THE PROBLEM: The lines below, from the one holding "Перпетуум-Мобиле — 420" through the one holding "وترصد شبكة إرم", are to be restated word for word, with all images left out.

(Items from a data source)

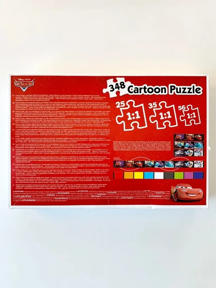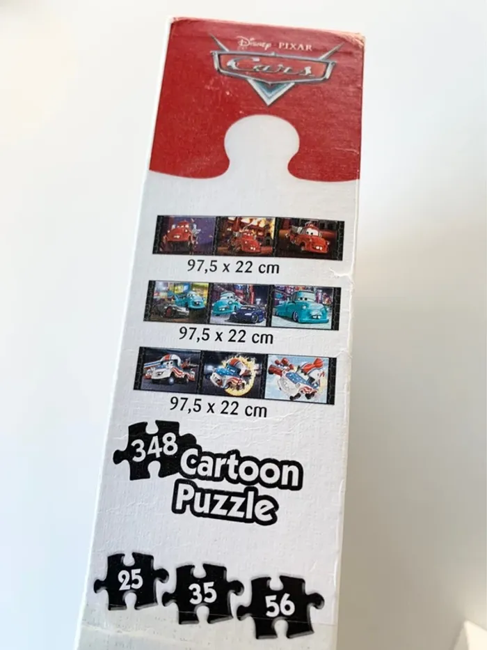 Ces puzzle Disney pixar Cars de 25, 35 et 56 pièces issu de la collection cartoon puzzle met en valeur les personnages emblématiques de Cars tels que Lightning McQueen et Jackson Storm.
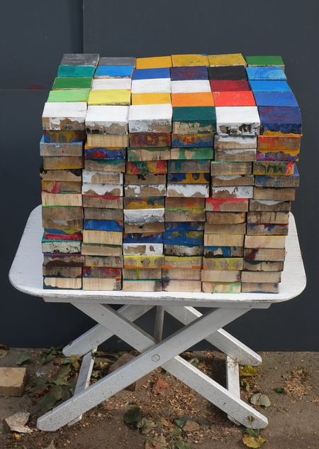 Перпетуум-Мобиле — 420 модулей (2020-2024), покрашенные с двух сторон, как шестеренки большого механизма переворачиваются, создавая новые импульсы. Работа динамичная и меняется под воздействием времени и обстоятельств меня окружающих.
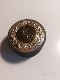 Piccola collezione di 4 scatoline portagioie in velluto rosso o blu e coperchio in lamina di argento sbalzata a mano. Diametro della scatola più piccola 6 cm, le 2 ovali 7x5 e 8x6, quella ottagonale ha diametro 7 cm. In foto sono visibili 2 certificati di garanzia
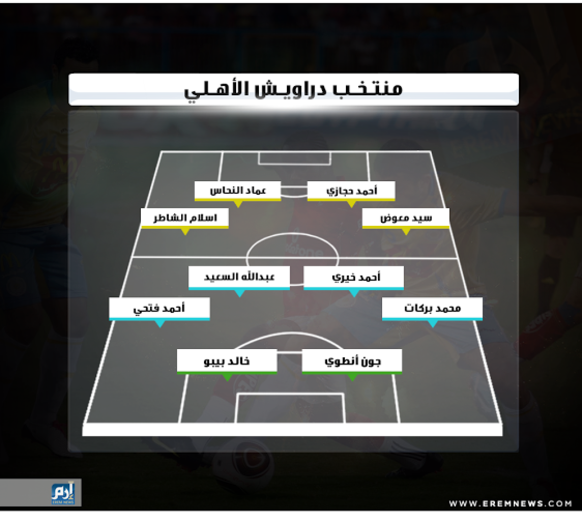 وترصد شبكة إرم الإخبارية، في الإنفوجراف التالي، تشكيلًا لمنتخب لاعبي الأهلي، الذي ضمهم وكانوا نجوماً سابقين في صفوف الإسماعيلي، على مدار السنوات الماضية:
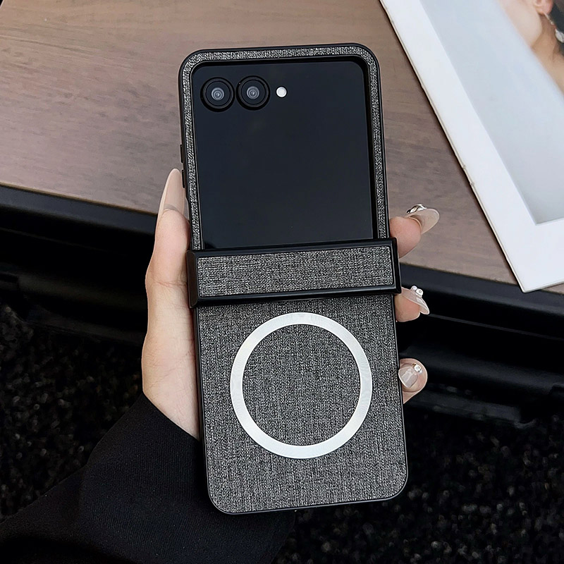 Магнитен калъф за Samsung Galaxy Z Flip 7 с текстилна текстура и пълна защита на пантите. Вграден магнитен пръстен за стабилно закрепване към магнитни стойки и зарядни. Точни изрязвания, повдигнати ръбове около камерата и сигурно прилягане без да пречи на сгъването.
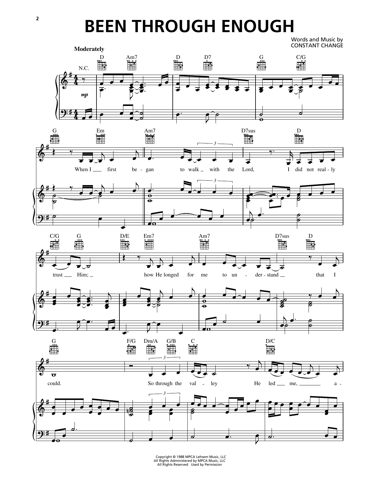 Download or print Janet Paschal Been Through Enough sheet music, chords and digital score arranged for Piano, Vocal & Guitar Chords (Right-Hand Melody). This Gospel score includes 5 page(s).

TASK ANSWER:
 Перпетуум-Мобиле — 420 модулей (2020-2024), покрашенные с двух сторон, как шестеренки большого механизма переворачиваются, создавая новые импульсы. Работа динамичная и меняется под воздействием времени и обстоятельств меня окружающих.
 Piccola collezione di 4 scatoline portagioie in velluto rosso o blu e coperchio in lamina di argento sbalzata a mano. Diametro della scatola più piccola 6 cm, le 2 ovali 7x5 e 8x6, quella ottagonale ha diametro 7 cm. In foto sono visibili 2 certificati di garanzia
 وترصد شبكة إرم الإخبارية، في الإنفوجراف التالي، تشكيلًا لمنتخب لاعبي الأهلي، الذي ضمهم وكانوا نجوماً سابقين في صفوف الإسماعيلي، على مدار السنوات الماضية:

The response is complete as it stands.